Джеймс попробовал взбодриться. В последнее время он совершенно потерял способность к беседе.
— А как поживают овцы, Льюин?
Нельзя назвать это отличным вступлением, но хоть что-то.
— А что?
А что мне?
— Да так просто. Интересно.
— Ну, недавно я нашел одного на нижнем поле, на тропинке вдоль утеса. Он был здоров, просто с ним что-то случилось.
Голосом Льюин не выдал, насколько он был потрясен жестокостью увечий. Голова валяется в стороне, нет одной задней ноги. Какое-то животное поработало, собака, наверное. Нет, все это выглядело не так. Это был какой-то дикий зверь. Зверь, разбуженный его сном, проник в овчарню. Вспоминать сон, особенно его последнюю часть, с Джеймсом, было неприятно. Он отвернулся, стал смотреть на море. И прежде, когда здесь жил Шарпантье, у Льюина случались неприятности с овцами. Он так и не понял, что, собственно, произошло. Иногда ему казалось, что он припоминает, как сам занимался всем этим: в одном из снов он что-то держал в руке. Овечью ногу?
— Ну, так бывает. Это могла сделать собака. Ты не представляешь, как гнусно они иногда себя ведут. Но вообще-то все в порядке. Ты, наверное, обратил внимание, они слишком высоко не поднимаются. Держатся друг за друга.
Не заключался ли в этом упрек в неуместном любопытстве? Джеймс поискал ответа, но не нашел. Льюин встал.
— Мне надо в туалет на минутку, — сказал он.
* * *
На лестнице сидел Сэм и писал что-то в задачнике. Увидев Льюина, мальчик закрыл книгу.
— Здравствуй, поросеночек, — сказал Льюин. Сэм вежливо улыбнулся. — Что пишешь?
— Да так просто. Рассказ, — скромно ответил Сэм.
— Понятно.
Рядом лежал словарь, открытый на странице от «штиль» до «шут».
— Что за слово?
— Штык. Лезвие, прикрепляемое к дулу винтовки. Что такое винтовка?
— Винтовка? Это такое ружье. Большое, длинное. Знаешь, что такое ружье?
— Чтобы убивать людей.
— Точно.
Льюина покоробило, как холодно сказал это Сэм. Он считал, что дети не понимают, что такое насилие. Возможно, они думают, что это как в мультфильмах, когда никому на самом деле не больно, а если койота переезжает каток, то потом койот непременно вскакивает и бежит.
— Надеюсь, в твоем рассказе никого не убьют, — сказал он.
Сэм улыбнулся:
— Нет. Я только хотел узнать, что значит это слово. В словаре можно найти любое слово.
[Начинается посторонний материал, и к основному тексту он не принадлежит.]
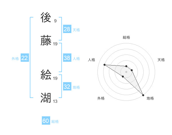 後藤 絵湖さんを姓名の画数から五運を鑑定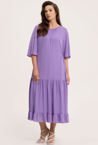 Полочка лифа платья с вертикальными рельефами выходящими из пройм, горловина круглой формы. Передняя часть юбки платья с талиевыми вытачками. Между лифом и юбкой полочки обработана планка из сетки. Спинка со средним швом и талиевыми вытачками. В верхней части среднего шва спинки обработана потайная молния, в нижней части разрез.

Там есть все слова. Я уже много их знаю. Хотя пока не все.
Но словарь не объяснит тебе, что это такое: держать в руке оружие, не даст тебе почувствовать его запах. Словарь не в силах описать страх и нездоровое возбуждение, которые овладевают тобой, когда держишь в руках винтовку, описать ее тяжесть, запах ее патронов. А штык... нет такого определения, которое может выразить чувство, какое испытываешь, когда прикрепляешь его к дулу. Поворот и щелчок — и ужас, стоит только представить себя в такой отчаянной ситуации, когда придется втыкать его в кого-то, в живого теплого человека, чтобы он кричал, извивался, чтобы текла кровь. Ружье равнодушно, мишень — далекий силуэт без лица. Но чтобы применить штык, нужно преследовать врага, видеть его лицо, чувствовать запах его дыхания. Смотреть, как он падает. Штык — вещь интимная, телесная, личная.
— Штык — отвратительная штука. Просто ужасная.
— Ты его видел?
— Конечно. Когда служил в армии. Очень давно.
— Ты убивал людей?
— Конечно, нет!
Льюин сразу же вышел из себя и смог взять себя в руки, лишь вспомнив, что разговаривает с семилетним ребенком.
— Нет. Я никогда его не использовал. Не знаю, смог бы, если бы пришлось.
— Почему? Это сложно?
— Сложно? Нет, это довольно просто. Ничего особенного в нем нет. Пристегиваешь, берешь ружье так, как будто готовишься стрелять, только чуть ниже. Сгибаешь ноги в коленях. Вот так.
Льюин встал в позицию. Точно сбалансировал центр тяжести. Наклонил голову вперед.
— А потом бежишь к цели. В армии у нас вместо врагов были мешки с соломой, висели на перекладине.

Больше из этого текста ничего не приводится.